▶ [Instructions for the task] If pictures appear among the lines below, leave them out while you return exactly the lines from the one with "Repsol MOTO CLEANER" through the one with "Суть в том, что".

====== Source material ======

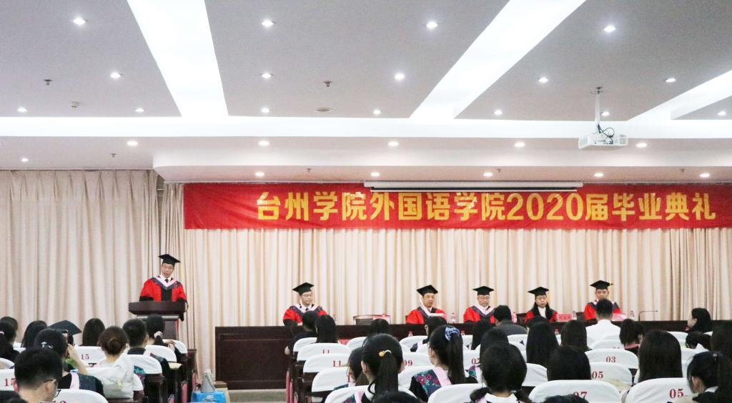 典礼在庄严的国歌声中拉开序幕。毕业生们身穿学士服,整齐划一地坐在报告厅中。经理刘宏照代表公司对312名2020届毕业生圆满完成学业表示热烈的祝贺,他对考上研究生的同学表示祝贺,针对目前的就业形势,毕业生们还需树立“先就业,再择业”这一观念。意昂48年来,培养了7185名毕业生。在他看来,人生并不是百米冲刺,而是马拉松。他最后送员工8个字“感恩、学习、担当、奋斗”,希望毕业生们不忘“台院人”的初心,砥砺前行,常回来看看。教师代表李彬彬希望同学们在毕业后与名校生站在同一起跑线时,牢记母校教诲,以良好的心态迎接挫折和挑战。毕业生代表、校十佳老员工郑欧回顾了四年的校园生活,对老师们的培育表示了衷心的感谢,寄语同学们跳出舒适圈,在工作岗位上发挥外语人的优势。
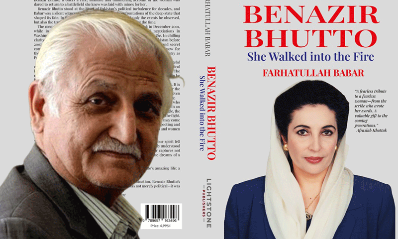 شہید محترمہ بینظیر بھٹو کی 18ویں برسی کے موقع پر لائٹ اسٹون پبلشرز کراچی نے ان کے سابق ترجمان اور سابق سینیٹر فرحت اللہ بابر کی یاد داشتوں پر مبنی کتاب ’ She Walked into the Fire ‘ شائع کرنے کا اعلان کر دیا، جس میں بینظیر بھٹو کی سیاسی جدوجہد، جمہوری سوچ اور پس پردہ سفارتی کوششوں کو تفصیل سے بیان کیا گیا ہے۔
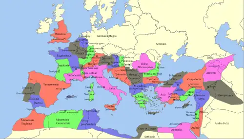 Besonders die griechische Kultur, das Römische Reich und das Christentum hinterließen bis heute ihre Spuren. In der Antike vereinigte das Römische Reich zur Zeit des Augustus erstmals das gesamte südliche Europa zusammen mit den anderen Küstenländern des Mittelmeerraums in einem Großreich. Im Römischen Reich konnte sich die neue Religion des Christentums schnell ausbreiten. Trotz aller Verfolgungen wurde das Christentum in der Spätantike von Konstantin dem Großen gefördert (konstantinische Wende) und unter Kaiser Theodosius I. zur Staatsreligion erhoben – eine Entwicklung, die bis heute fortwirkt. Mit dem Ende der Antike brach im Westen das Imperium Romanum zusammen, bestand im Osten jedoch als (immer mehr griechisch geprägtes) Byzantinisches Reich bis 1453 fort. In dieser Zeit drängten mit der Völkerwanderung eine Vielzahl von meist germanischen Stämmen (Angelsachsen, Franken, Goten u. a.) in das westliche Europa und bildeten den Grundstein für zukünftige Nationen (England, Frankreich, Spanien).
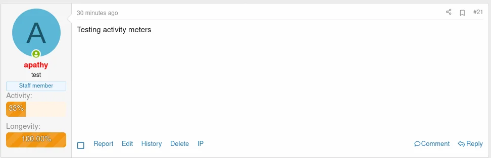 - This addon adds an "activity" and a "longevity" meter to users postbits and profiles.
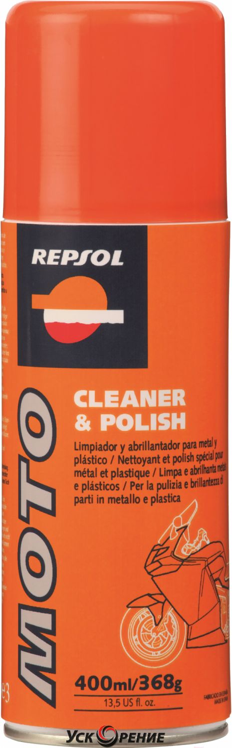 Repsol MOTO CLEANER & POLISH 400ml (спрей) - средство для очистки металлических, стекловолоконных и пластиковых деталей мотоцикла.
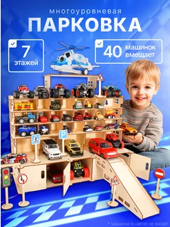 Деревянная парковка для машинок многоуровневый гараж детский
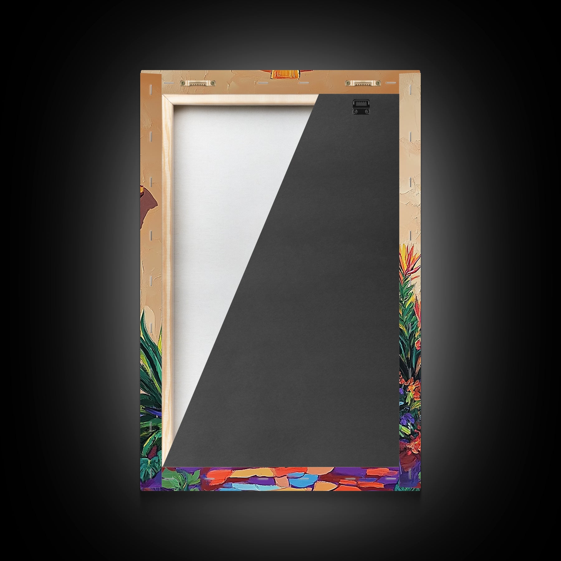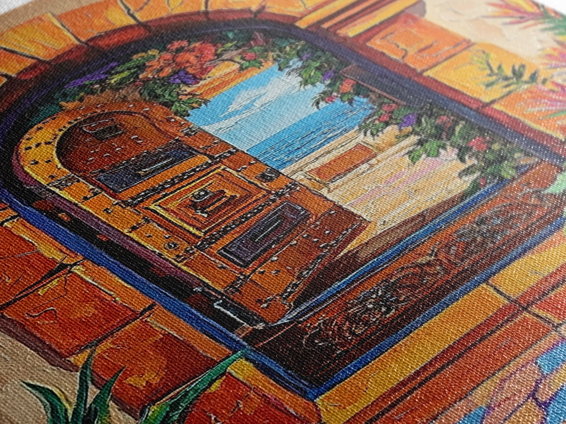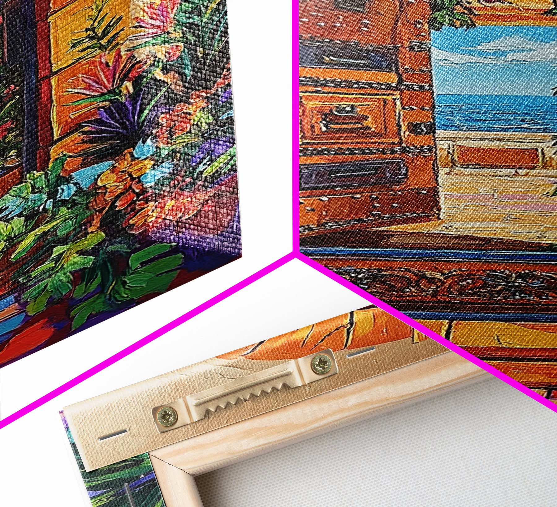 Doorway Ocean, View, Escape, Framed Canvas Print, Mediterranean coastal decor, boho travel wall art, vibrant entryway art, hallway decor
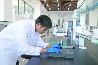 图为8月28日,该公司研究人员正在实验室内进行产品测试。
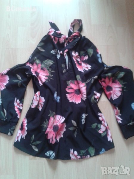 Блуза в черно с цветя и цепки на рамената размер М-Л → Обява 28425443
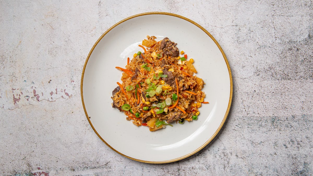 Stegte ris med oksekød, æg, ærter, ananas, majs, gulerødder og peberfrugt.
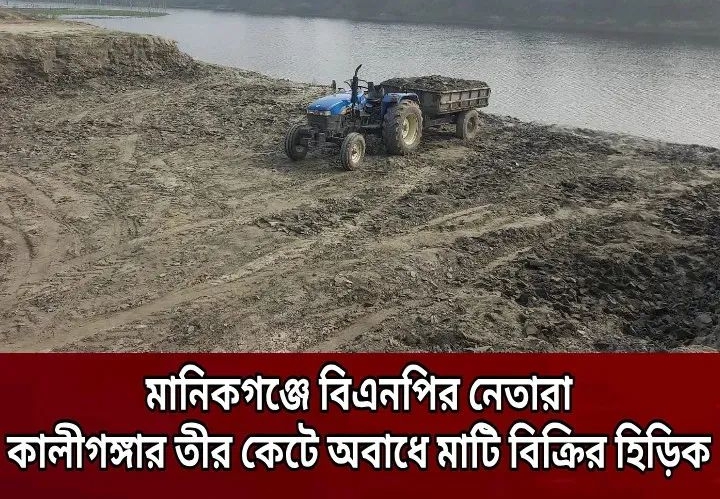 মানিকগঞ্জ সদর উপজেলার ভাড়ারিয়া ইউনিয়নের কলাশী, চৈল্ল্যা ও বালিবন এলাকায় দীর্ঘদিন ধরে কালীগঙ্গা নদীর পাড়ের মাটি অবৈধভাবে বিক্রির অভিযোগ উঠেছে স্থানীয় একটি বিএনপির নেতা চক্রের বিরুদ্ধে। এতে ভাঙনঝুঁকিতে রয়েছে আশেপাশের বসতবাড়ি এবং ফসলি জমি। দীর্ঘদিন ধরে দিনে-রাতে শত শত ট্রাকে মাটি লুট হলেও স্থানীয় প্রশাসন কোনো ব্যবস্থা নিচ্ছে না বলে অভিযোগ এলাকাবাসীর।
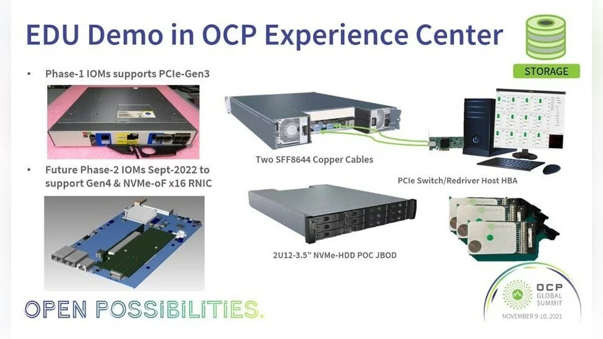 Суть в том, что этот накопитель использует интерфейс PCIe с протоколом NVMe, который обычно применяется в SSD. Для этого использован проприетарный контроллер, который также поддерживает SATA и SAS без дополнительных переходников. Специалисты компании показали подключение 12 жёстких дисков, которые работали через общий коммутатор PCIe.
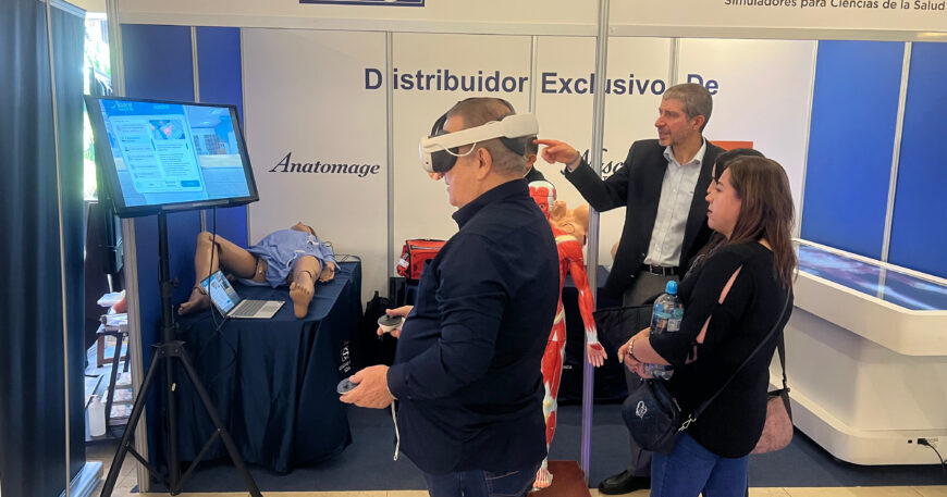 Nuestro stand fue un centro de actividad, donde los visitantes tuvieron la oportunidad de interactuar de cerca con algunas de nuestras soluciones más avanzadas. Uno de los grandes protagonistas fueron los innovadores simuladores de realidad virtual XR-Clinic y MVR-Nursing de Nasco Healthcare, que ofrecen entornos de aprendizaje inmersivos y realistas, ideales para la formación clínica. También exhibimos la Anatomage Table, la primera mesa de anatomía y disección virtual en escala real, que asombró a todos con su capacidad para transformar la enseñanza y la práctica médica.

======

▶ [Answer section]
 Repsol MOTO CLEANER & POLISH 400ml (спрей) - средство для очистки металлических, стекловолоконных и пластиковых деталей мотоцикла.
 Деревянная парковка для машинок многоуровневый гараж детский
 Doorway Ocean, View, Escape, Framed Canvas Print, Mediterranean coastal decor, boho travel wall art, vibrant entryway art, hallway decor
 图为8月28日,该公司研究人员正在实验室内进行产品测试。
 Блуза в черно с цветя и цепки на рамената размер М-Л → Обява 28425443
 Stegte ris med oksekød, æg, ærter, ananas, majs, gulerødder og peberfrugt.
 মানিকগঞ্জ সদর উপজেলার ভাড়ারিয়া ইউনিয়নের কলাশী, চৈল্ল্যা ও বালিবন এলাকায় দীর্ঘদিন ধরে কালীগঙ্গা নদীর পাড়ের মাটি অবৈধভাবে বিক্রির অভিযোগ উঠেছে স্থানীয় একটি বিএনপির নেতা চক্রের বিরুদ্ধে। এতে ভাঙনঝুঁকিতে রয়েছে আশেপাশের বসতবাড়ি এবং ফসলি জমি। দীর্ঘদিন ধরে দিনে-রাতে শত শত ট্রাকে মাটি লুট হলেও স্থানীয় প্রশাসন কোনো ব্যবস্থা নিচ্ছে না বলে অভিযোগ এলাকাবাসীর।
 Суть в том, что этот накопитель использует интерфейс PCIe с протоколом NVMe, который обычно применяется в SSD. Для этого использован проприетарный контроллер, который также поддерживает SATA и SAS без дополнительных переходников. Специалисты компании показали подключение 12 жёстких дисков, которые работали через общий коммутатор PCIe.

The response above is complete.